Erasmus then proceeds to an extensive description of the differences between a “good prince,” the king, and an “evil prince,” the tyrant, largely based on excerpts from the Bible. Erasmus claims that “there is the same difference between a good prince and a tyrant as there is between a kindly father and a harsh master.” He insists that Charles can only become ‘kindly father’ if he as a “Christian prince, hear[d] and read [the Bible]…[and ensures] that [he is] the likeness of God and his vicar…Christian theology attributes three prime qualities to God — the highest power, the greatest wisdom, the greatest goodness…make this trinity yours.”13 It is clear from the considerable portion of the text spent on the Bible and Christian virtue that Erasmus sought to emphasize the unity of Christian ethics and political authority, while demonstrating that the virtuous Jesus Christ, rather than the ruthless Cesare Borgia as Machiavelli proposed, was the ideal that a prince should aspire to.

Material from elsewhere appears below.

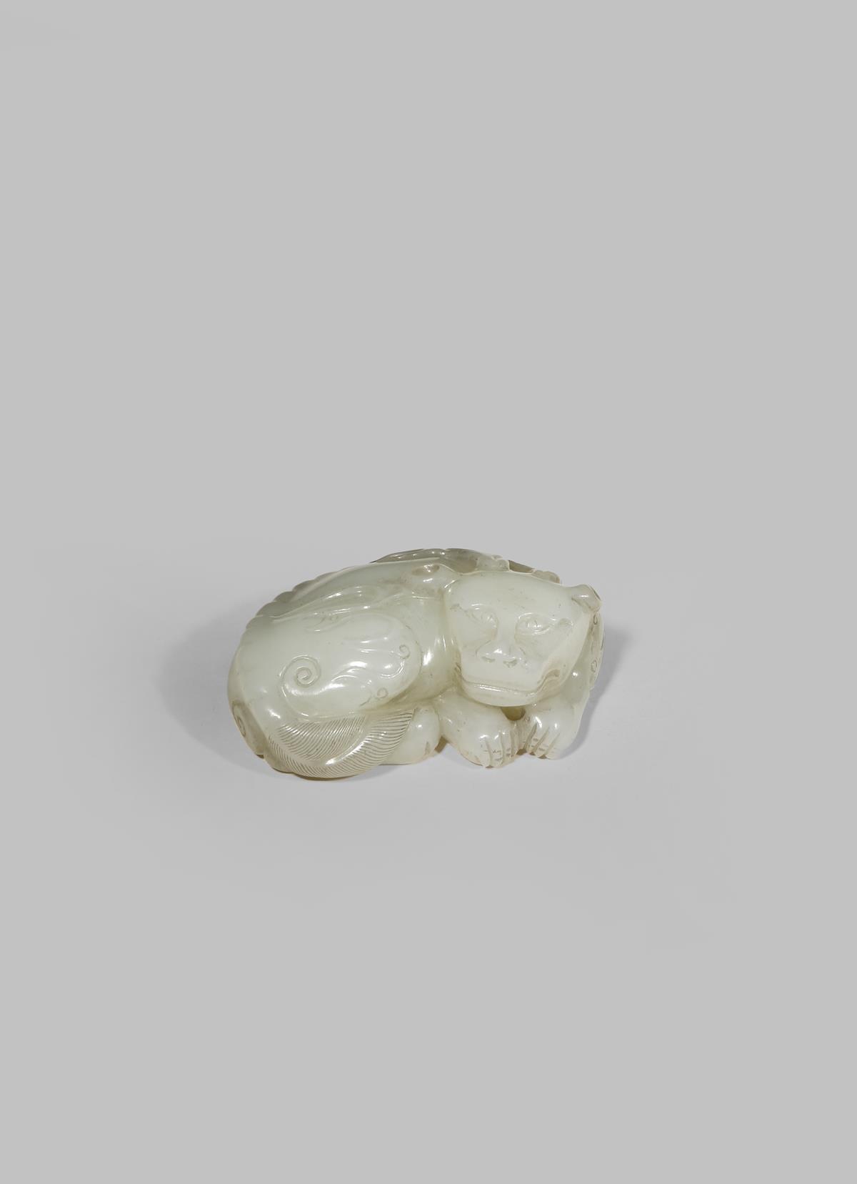 A CHINESE WHITE JADE CARVING OF A MYTHICAL CREATURE QING DYNASTY OR LATER Recumbent and curled...

This image of the ideal prince as a virtuous and biblically knowledgeable Christian is consistent with Erasmus’ role as a Christian humanist, theologian, and reformer. Consequently, it has typically been proposed by scholars that Erasmus intended this work as a veiled critique of Europe’s monarchs, such that

“his words [reached] the citizen as well as the king…[and to encourage] this larger audience to ponder the…dismal performance of actual rulers and the exemplary behavior that people should expect from them.”14

However, his prose suggests that his intentions were far more complex and self-serving. It was equally the opportunity to enhance the importance of advisers, and thus make himself more attractive to the future Emperor, rather than simply religious and political convictions, which motivated the text’s emphasis on Christianity.

For example, Erasmus insists that a prince can only achieve this Christian ideal with the help of tutors and advisers; “you cannot be a prince, if you are not [educated as] a philosopher; you will be a tyrant…to be a philosopher and to be a Christian is synonymous in fact. The only difference is in the nomenclature.”15 Erasmus instance that the ideal prince should be a Christian philosopher king is particularly interesting. By these qualifications, few individuals would have seemed better suited to kingship than Erasmus himself.

While it is unlikely that Erasmus had any designs of becoming a prince, this language was clearly crafted to make him appear as an ideal advisor. Erasmus further strengthens this point by writing that many of Charles’ current advisers, especially those that dispute the worth of philosophers, are unfit to educate the prince in matters of the state and religion, calling them “those frumps at the court, more stupid and worthless than any woman you could name.”16 By dismissing his current counselors, without directly faulting Charles, Erasmus further presents himself as an ideal adviser without challenging the repute of the Prince.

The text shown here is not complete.